Your assignment => Starting at the line where "伝説のあだ名 | 『伝説のスナイパーふかやままゆ』 |" occurs, reproduce each line through the end of the entries below exactly. Omit every picture.

*** Provided information

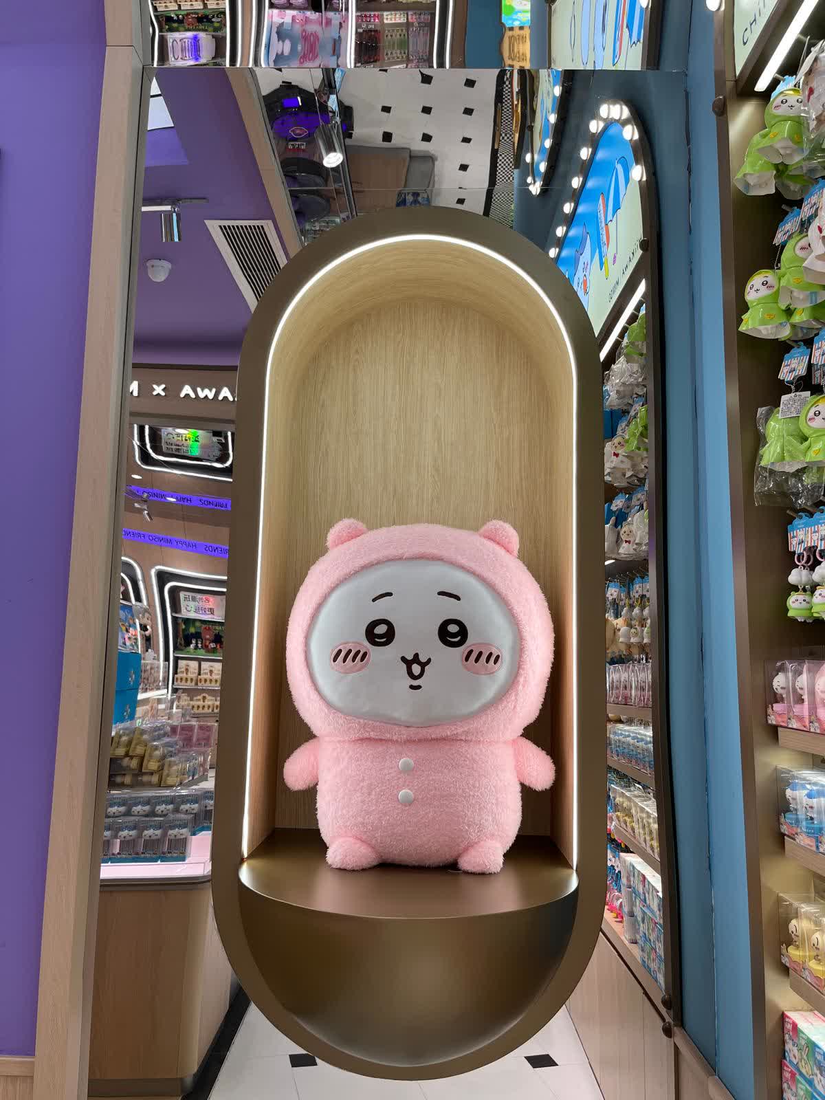 至於店家裝潢以淺藍色簡單木系風為主,1樓主要是各種IP,2樓集中美妝類及日用品等。全店亦有如一個夢幻IP樂園,最吸睛打卡位首推跨越兩層的淺藍色樓梯,不同IP海報燈箱配合天花板的大鏡,可謂店內人氣打卡位;至於L1層收銀櫃位對出的巨型飛船,有品牌原創IP大大隻吉福特熊、CHIIKAWA公仔疊疊塔坐鎮,也吸引不少人坐上這這首飛船投入IP好友營。此外,商場L1中庭也有陳設如同城堡的快閃店,放滿不同IP公仔牆,將營業至明年初。
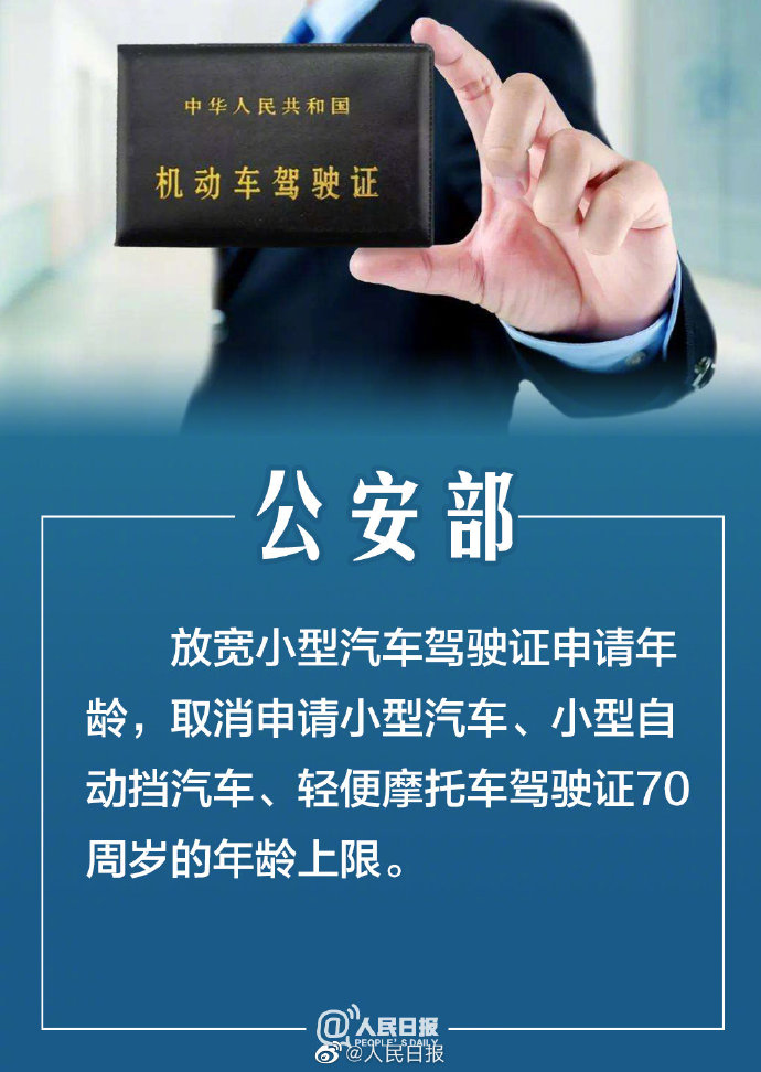 2020-10-22 14:49:22閱讀()人民日報公安部:放寬小型汽車駕駛證申請年齡,取消申請駕駛證70周歲年齡上限
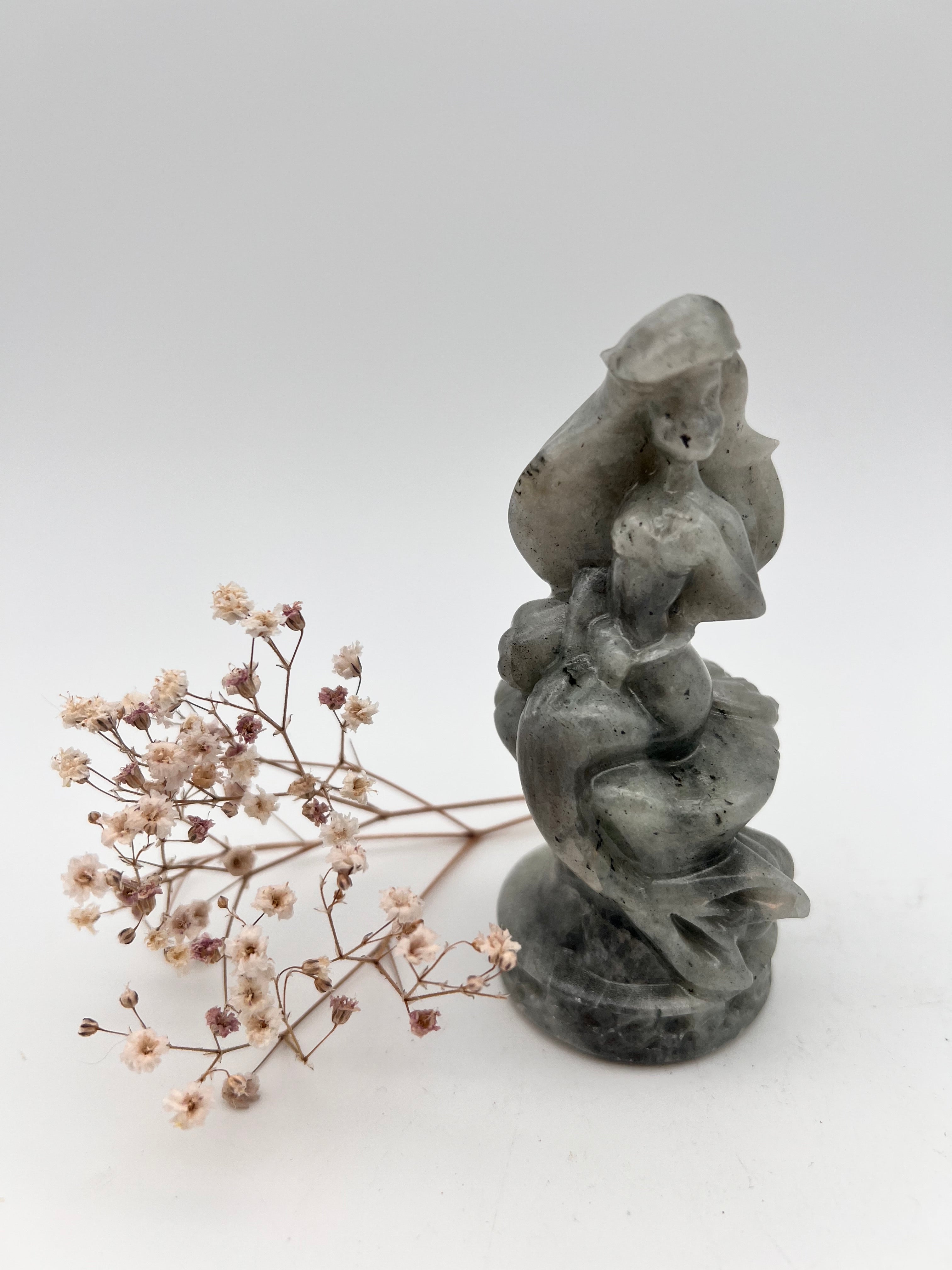 Diese handgeschnitzte Meerjungfrau aus schimmerndem Labradorit wirkt wie aus einer anderen Welt – geheimnisvoll, kraftvoll und zutiefst intuitiv. Ihr Glanz erinnert an das Spiel des Lichts unter der Wasseroberfläche, ihre Form an uraltes Wissen aus den Tiefen der Seele.
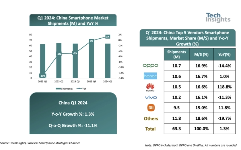 市場調(diào)研機構(gòu)TechInsights發(fā)布的數(shù)據(jù)顯示,2024年一季度,中國智能手機出貨量為6330萬臺,同比增長1%,結(jié)束了連續(xù)11個季度的下滑。
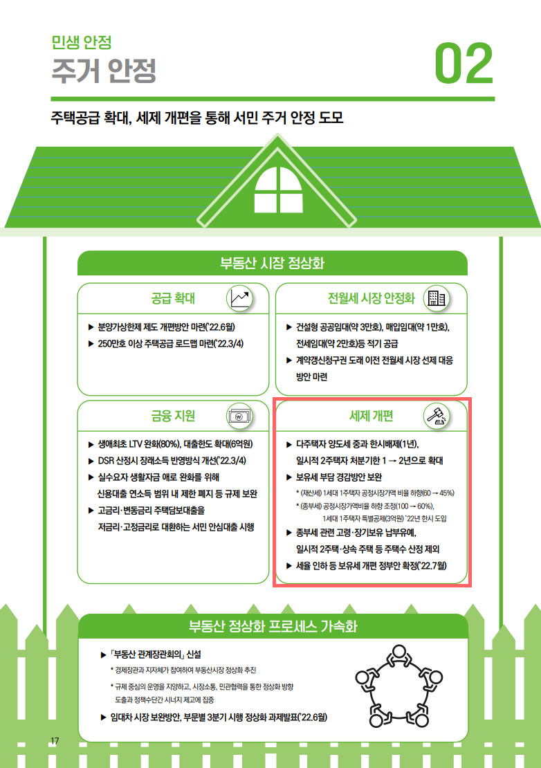 "종합부동산세와 재산세를 통합 추진하겠습니다. 추진 과정에서 통합 이전이라도 세 부담 완화 조치를 실시하겠습니다"
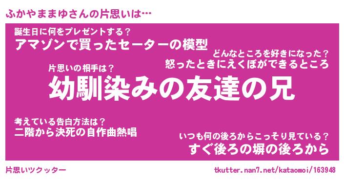 | 伝説のあだ名 | 『伝説のスナイパーふかやままゆ』 |
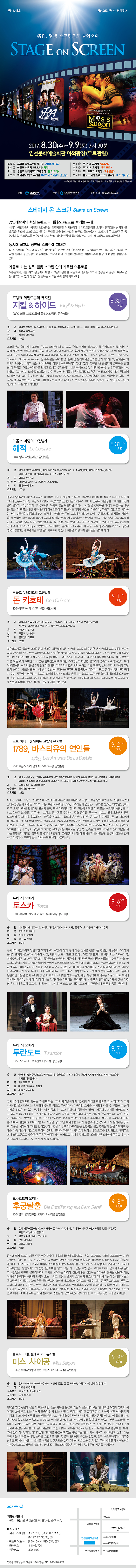 2013년 처음 기획되어 해마다 시민들의 뜨거운 호응을 얻고 있는 인천문화예술회관의 자체기획 프로그램인 “스테이지 온 스크린”은 세계 공연예술계의 화두인 ‘스크린으로 즐기는 공연’이라는 컨셉으로 세계 최정상 공연단체의 오페라, 발레, 뮤지컬 공연실황을 무료로 상영하는 프로그램입니다. 2017년에는 더욱 강력한 프로그램으로 준비되어 상영예정중이오니, 많은 관람 부탁드립니다.
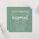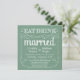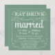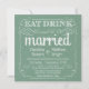 Coma, beba, e seja casado — convites de casamento rústicos de campo ao estilo Vintage — Rolamentos suaves, encaracolados e tipografia de moda antiga em um fundo de burlap up verde de menta. Adicione seus nomes e informações de casamento neste modelo fácil de usar. O elegante, mas divertido e caprichoso, escrevendo de script de estilo chalkboard pode ser modificado para o seu tema de casamento formal ou semiformal. O estilo moderno casual é perfeito para casamentos contemporâneos modernos, com um toque divertido de encanto sofisticado para a noiva e noivo tradicionais. Entre em contato conosco para obter ajuda com a personalização se precisar de espaço adicional para os detalhes do casamento. Outros tamanhos e estilos de quadro disponíveis. NOTA: Este design de produto é configurado apenas para cartões quadrados — requer postagem extra.
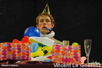 The Birthday Party est un spectacle déambulatoire qui parle de la solitude, de notre solitude. Assis à sa table, un jeune homme s'apprête à célébrer son anniversaire, seul. Pour pallier l'absence de ses invités, il cherche dans la foule celui ou celle qui voudra bien souffler sur cette bougie supplémentaire.
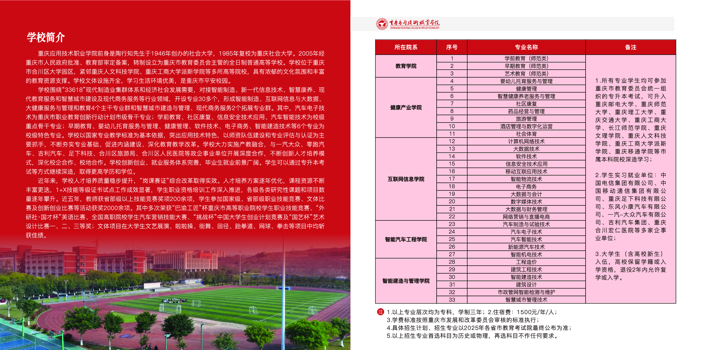 重庆应用技术职业学院2025年秋季普通高考报考指南

******

Solution to the problem =>
 | 伝説のあだ名 | 『伝説のスナイパーふかやままゆ』 |
 2013년 처음 기획되어 해마다 시민들의 뜨거운 호응을 얻고 있는 인천문화예술회관의 자체기획 프로그램인 “스테이지 온 스크린”은 세계 공연예술계의 화두인 ‘스크린으로 즐기는 공연’이라는 컨셉으로 세계 최정상 공연단체의 오페라, 발레, 뮤지컬 공연실황을 무료로 상영하는 프로그램입니다. 2017년에는 더욱 강력한 프로그램으로 준비되어 상영예정중이오니, 많은 관람 부탁드립니다.
 Coma, beba, e seja casado — convites de casamento rústicos de campo ao estilo Vintage — Rolamentos suaves, encaracolados e tipografia de moda antiga em um fundo de burlap up verde de menta. Adicione seus nomes e informações de casamento neste modelo fácil de usar. O elegante, mas divertido e caprichoso, escrevendo de script de estilo chalkboard pode ser modificado para o seu tema de casamento formal ou semiformal. O estilo moderno casual é perfeito para casamentos contemporâneos modernos, com um toque divertido de encanto sofisticado para a noiva e noivo tradicionais. Entre em contato conosco para obter ajuda com a personalização se precisar de espaço adicional para os detalhes do casamento. Outros tamanhos e estilos de quadro disponíveis. NOTA: Este design de produto é configurado apenas para cartões quadrados — requer postagem extra.
 The Birthday Party est un spectacle déambulatoire qui parle de la solitude, de notre solitude. Assis à sa table, un jeune homme s'apprête à célébrer son anniversaire, seul. Pour pallier l'absence de ses invités, il cherche dans la foule celui ou celle qui voudra bien souffler sur cette bougie supplémentaire.
 重庆应用技术职业学院2025年秋季普通高考报考指南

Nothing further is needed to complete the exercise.